Bitcoin’s Recent Price Pullback: On-Chain Data Hints at a Healthy Market
While Bitcoin’s (BTC) price has recently dipped below the $95,000 mark, triggering some concerns, a closer look at on-chain data reveals a potentially healthy market with solid long-term support. Despite the recent drop, Bitcoin’s fundamentals remain strong, painting a bullish picture for the future.
Year-Over-Year Returns Signal Strong Long-Term Support
Bitcoin’s weekly close near $94,000 in April 2024 delivered an impressive 53.61% year-over-year total return. This strong performance, coupled with on-chain metrics like the realized price, suggests a shift from the speculative frenzy of early 2024 to a more mature bull trend based on long-term fundamentals.
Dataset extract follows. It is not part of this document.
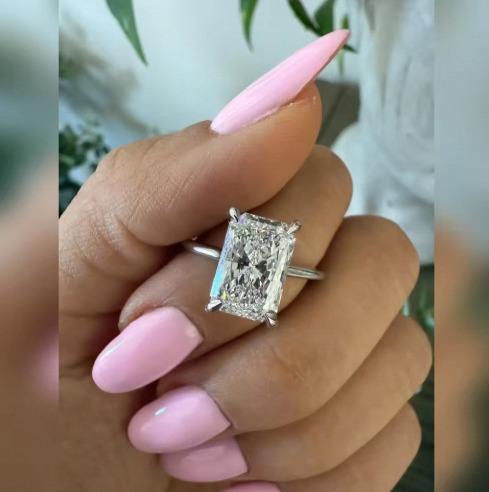 Anillo de Diamante Cultivado en Laboratorio con Corte Radiante para Mujer, Joyería de Oro de Lujo para Boda, Compromiso, Aniversario, Regalo en Oro Blanco de 9K, 14K, 18K

The realized price, which measures the average price at which Bitcoin was last moved, has surged 61.82% year-over-year, outperforming the market value to realized value (MVRV) metric. This signifies that long-term holders are increasing the base price faster than speculative price increases, a positive signal for the long-term health of the market.
The negative MVRV further suggests that Bitcoin is trading below its fundamental value compared to a year ago, a pattern historically followed by significant rallies. This compression of value creates room for future upside, with analysts eyeing new highs above $110,000 if demand accelerates.
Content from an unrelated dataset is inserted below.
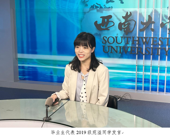 毕业生代表2019级苑溢同学认为,在研学征程中应自觉把“弘毅修远、善治明理”的思想基因融入血液当中,将个人命运与国家的命运紧密结合,永远保持奋斗的精神底色,书写绚烂的青春华章。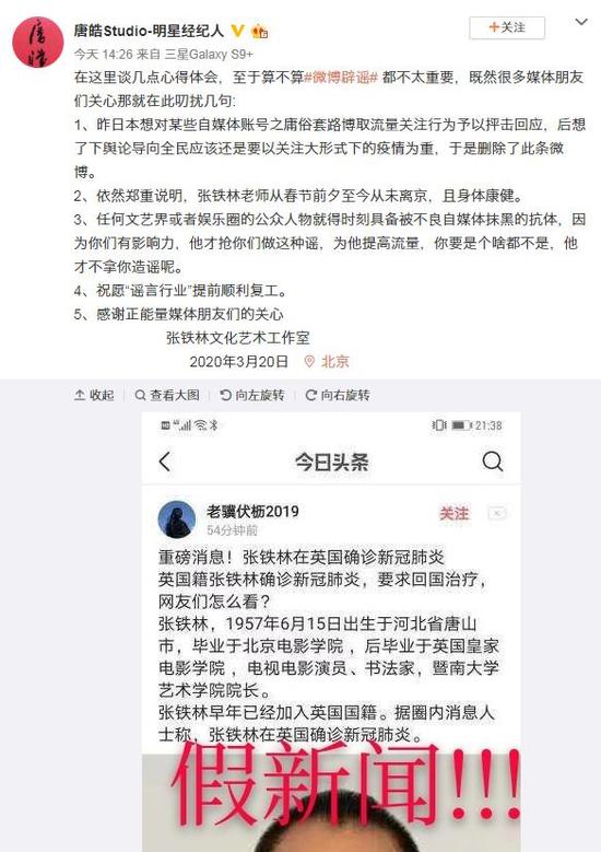 20日下午,张铁林经纪人再发文表示删文是因为不想帮自媒体炒作博取流量,并郑重说明:张铁林老师从春节前夕至今从未离京,且身体康健。

Analysts Predict Potential Upside and Price Target
Based on current trends and historical data, Standard Chartered’s head of digital assets research, Geoffrey Kendrick, predicts that Bitcoin will reach a new all-time high of $120,000 by Q2 2025. This prediction is driven by strategic reallocation from US assets, particularly due to the high US Treasury term premium, which has been correlated with Bitcoin’s price.
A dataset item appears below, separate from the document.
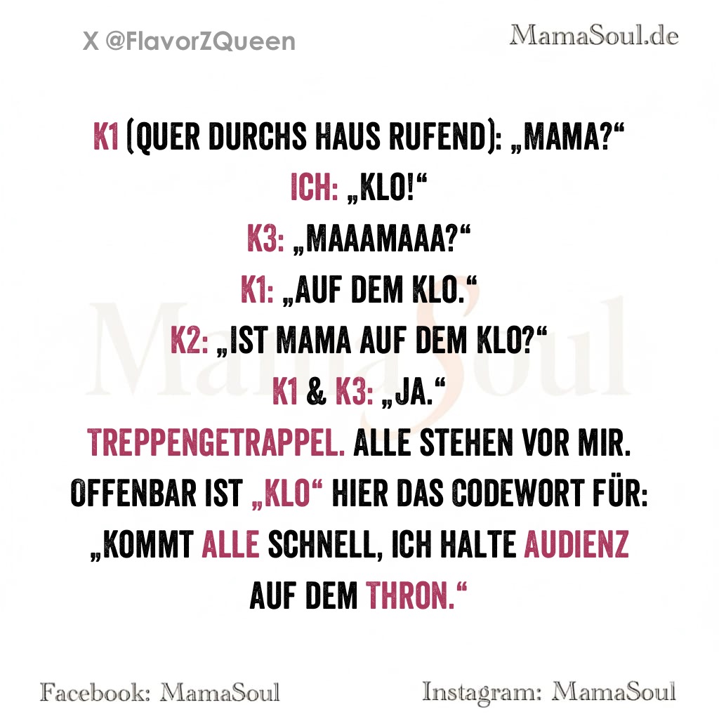 Offenbar ist „Klo“ hier das Codewort für: „Kommt alle schnell, ich halte Audienz auf dem Thron.“

Kendrick’s observation highlights the potential for global investors seeking alternatives to traditional US assets, potentially driving increased demand for Bitcoin. This trend, coupled with the positive on-chain signals, suggests a strong foundation for future growth.
Funding Rates Hint at a Potential Long Squeeze
Bitcoin’s funding rate has recently turned positive, indicating a dominance of long positions as traders bet on price rises above $90,000. A long squeeze is a market event where a sudden price drop forces over-leveraged long traders to sell, amplifying the decline through mass liquidations.
While a brief dip below $91,000 in late April sparked concerns about a potential long squeeze, the positive funding rate suggests a shift in market dynamics. With traders maintaining long positions, there is potential for a long squeeze, driving prices toward the $97,000 level.

Caution and Disclaimer
It’s important to remember that the crypto market is inherently volatile, and price predictions are not guaranteed. Investors should conduct thorough research and exercise caution before making any investment decisions. This article does not constitute investment advice.